**EXERCISE GOAL**: For the entries below, return every line from the top through the line with "4、足球教练证考取流程需要咨" exactly as it stands, omitting pictures.

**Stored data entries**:

--

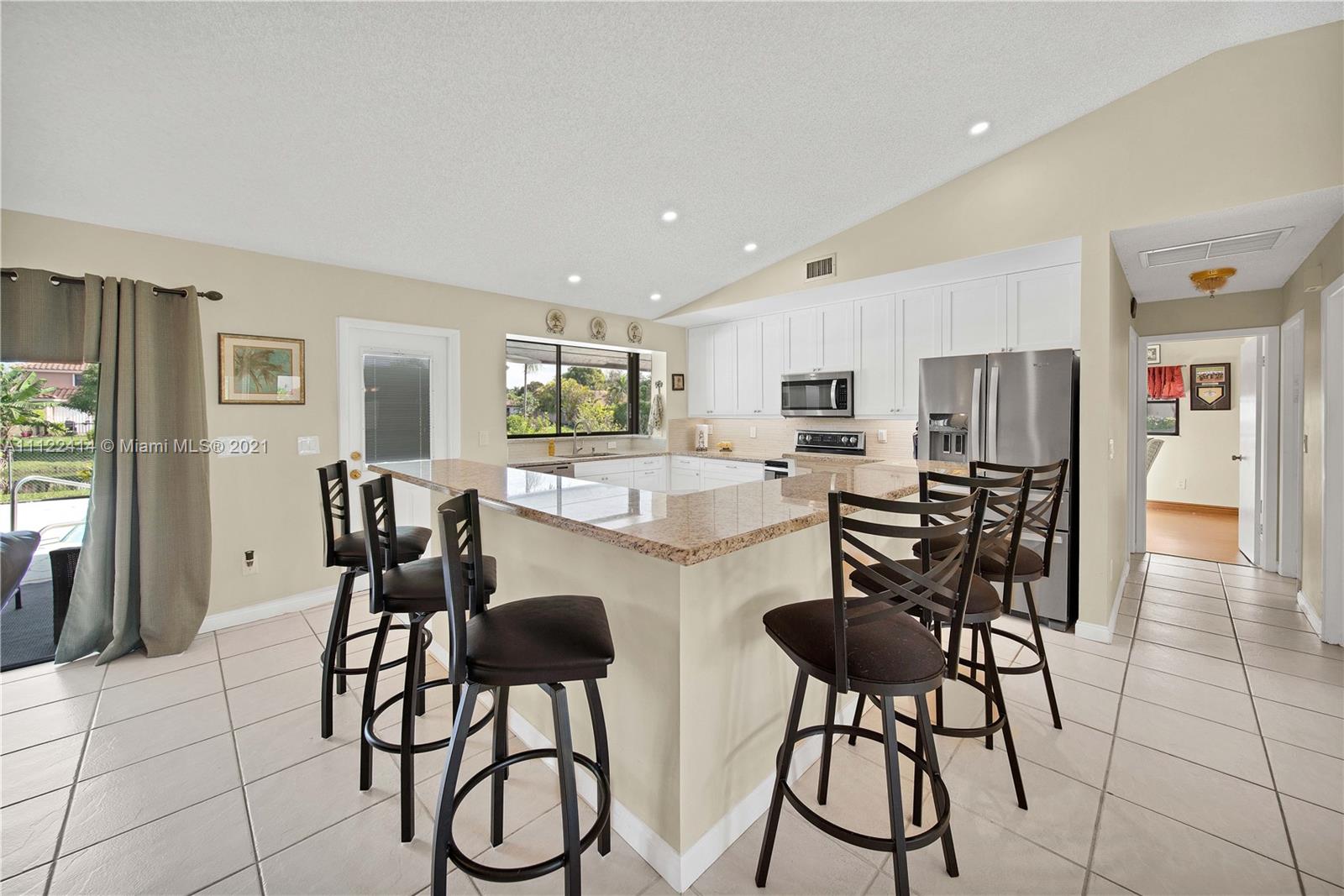 You'll love this meticulously kept home! Located on a quiet interior street in Ivanhoe, this lakefront pool home has a modern, open floor plan. Gorgeous recently renovated kitchen features a huge breakfast bar, stainless appliances including a double oven, granite countertops, small appliance elevation platform, and a great view of the pool and lake. The spacious master bedroom has two walk-in closets and an en suite bathroom with double vanities. Living areas with ceramic tile; all bedrooms with newer waterproof laminate. 4th bedroom has a functional Murphy bed and a walk-in closet now used as a private office (easy to convert back). Covered patio. 2-zone A/C. Maintenance only $150 a year. EXCELLENT SCHOOLS! Great location with easy access to i-75, shopping, restaurants, airports,etc.
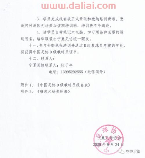 4、足球教练证考取流程需要咨询当地足协,一般需要领取国家D级教练员报考申请表,填写完毕并且提交以后等待培训通知。
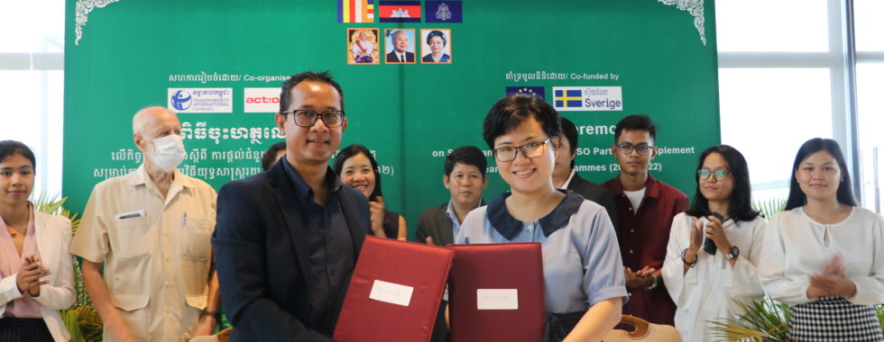 អង្គការតម្លាភាពកម្ពុជាបានទទួលមូលនិធិស្នូលពីទីភ្នាក់ងារសហប្រតិបត្តិការអភិវឌ្ឍអន្តរជាតិស៊ុយអែត (SIDA) ដើម្បីអនុវត្តកម្មវិធីយុទ្ធសាស្រ្តរយៈពេល៣ឆ្នាំនេះ ក្នុងការលើកកម្ពស់អភិបាលកិច្ចល្អ និងការប្រឆាំងអំពើពុករលួយ។ ជាការចូលរួមបន្ថែម អង្គការតម្លាភាពកម្ពុជា និងអង្គការអាក់សិនអេតកម្ពុជា ក៏ទទួលបានមូលនិធិពីសហភាពអឺរ៉ុប (EU) ដើម្បីអនុវត្តគម្រោងមួយដែលមានរយៈពេល ៣ឆ្នាំ “ពង្រឹងសិទ្ធិអំណាចរបស់ស្រ្តីវ័យក្មេង ក្នុងការធ្វើសេចក្តីសម្រេចចិត្ត និងជំរុញការផ្តល់សេវាសាធារណៈឱ្យកាន់តែមានគណនេយ្យភាព”។ គម្រោងនេះបាននិងកំពុងអនុវត្តនៅរាជធានីភ្នំពេញ និងនៅខេត្តគោលដៅចំនួន ៩ ដែលបានចាប់អនុវត្តកាលពីខែមករា ឆ្នាំ២០២០ និងត្រូវបញ្ចប់នៅខែធ្នូ ឆ្នាំ២០២២ ជាមួយកញ្ចប់ថវិកាសរុបចំនួនជាង ២ លានអឺរ៉ូ។ កម្មវត្ថុចម្បងនៃការអនុវត្តគម្រោងនេះ គឺដើម្បីបង្កើតបរិយាកាសអំណោយផល និងពង្រឹងសិទ្ធិអំណាចយុវជន ជាពិសេសស្រ្តីវ័យក្មេង ក្នុងការចូលរួមសកម្មភាពក្នុងដំណើររការសម្រេចចិត្ត ដើម្បីពង្រឹងការផ្តល់សេវាសាធារណៈជូនប្រជាពលរដ្ឋ ជាពិសេសយកចិត្តទុកដាក់លើតម្រូវការយេនឌ័រ និងតាមរយៈការប្រើប្រាស់ប្រព័ន្ធបច្ចេកវិទ្យាបែបច្នៃប្រឌិត និងផ្តល់ឱកាស ដើម្បីចូលរួមក្នុងកិច្ចពិភាក្សាជាមួយមន្ត្រីទទួលបន្ទុកក្នុងការសម្រេចចិត្ត និងមន្ត្រីផ្តល់សេវាសាធារណៈនានានៅថ្នាក់ជាតិ និងថ្នាក់ក្រោមជាតិ។ សកម្មភាពដ៏សំខាន់មួយនៅក្នុងគម្រោងនេះ គឺការផ្តល់ជំនួយហិរញ្ញវត្ថុដល់អង្គការមិនមែនរដ្ឋាភិបាលក្នុងស្រុក អង្គការសហគមន៍ ក្រុមយុវជន និងប្រព័ន្ធផ្សព្វផ្សាយ។ ស្ថាប័នទាំងនេះ គឺជាតួអង្គដ៏សំខាន់ដែលអាចផ្សព្វផ្សាយ និងធ្វើការជាមួយក្រុមគោលដៅបានទូលំទូលាយទៅតាមតំបន់ប្រតិបត្តិការសកម្មភាពរបស់ខ្លួន ជាពិសេសជាមួយប្រជាពលរដ្ឋ ដែលមិនសូវត្រូវបានយកចិត្តទុកដាក់។
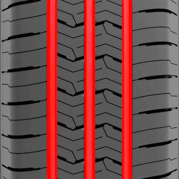 The optimal widths and arrangement of the four channel grooves guarantee outstanding performance in wet driving conditions
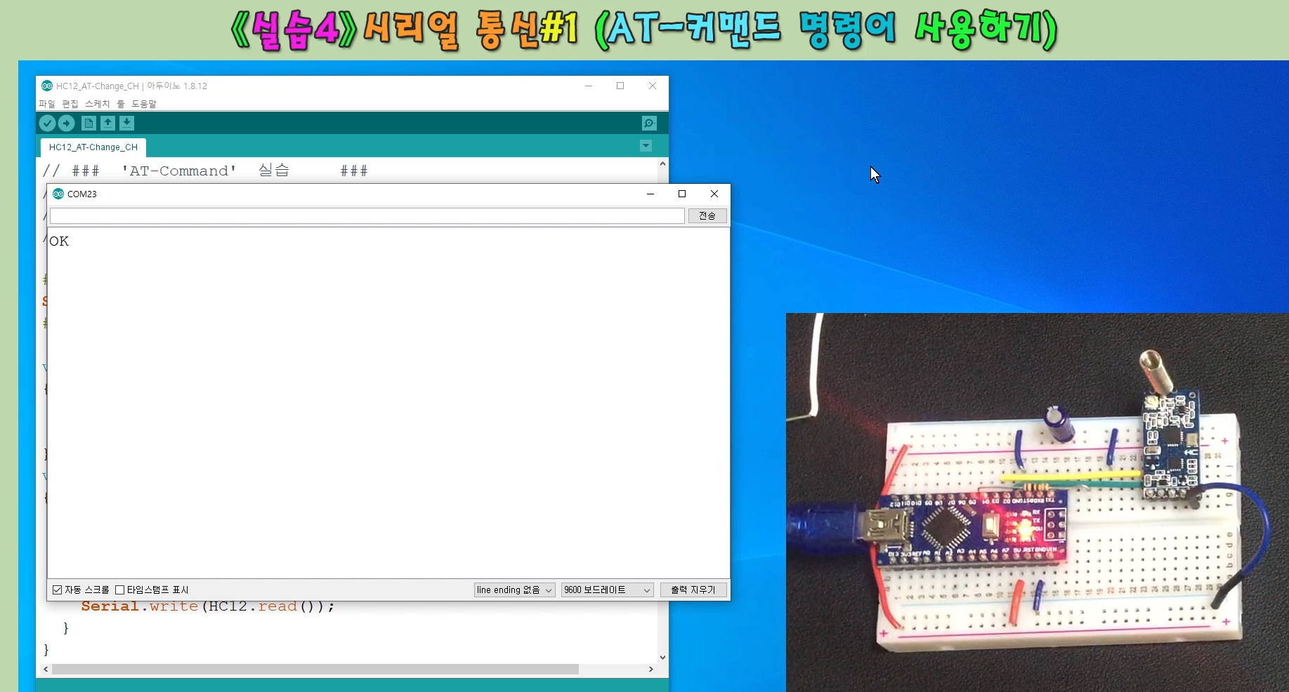 실습 #3은 AT-Command 통신 기능을 사용해보는 실습입니다. AT-명령어를 시리얼 모니터 창으로 입력하여 HC-12 모듈의 채널(주파수) 변경/전송 모드 변경/통신속도/통신 강도 변경 등을 실습합니다.
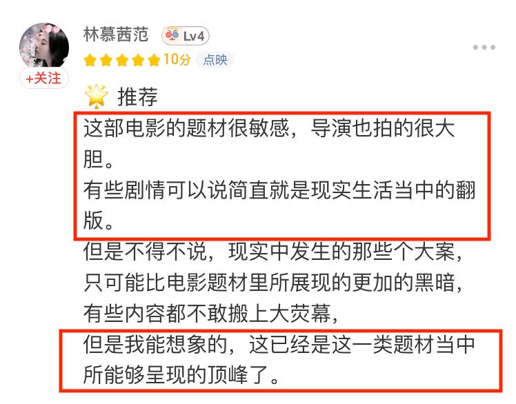 就像這位觀衆說的,這部電影的題材很敏感,導演也拍的很大膽。有些劇情可以說簡直就是現實生活當中的翻版。

--

**RESPONSE AREA**:
 You'll love this meticulously kept home! Located on a quiet interior street in Ivanhoe, this lakefront pool home has a modern, open floor plan. Gorgeous recently renovated kitchen features a huge breakfast bar, stainless appliances including a double oven, granite countertops, small appliance elevation platform, and a great view of the pool and lake. The spacious master bedroom has two walk-in closets and an en suite bathroom with double vanities. Living areas with ceramic tile; all bedrooms with newer waterproof laminate. 4th bedroom has a functional Murphy bed and a walk-in closet now used as a private office (easy to convert back). Covered patio. 2-zone A/C. Maintenance only $150 a year. EXCELLENT SCHOOLS! Great location with easy access to i-75, shopping, restaurants, airports,etc.
 4、足球教练证考取流程需要咨询当地足协,一般需要领取国家D级教练员报考申请表,填写完毕并且提交以后等待培训通知。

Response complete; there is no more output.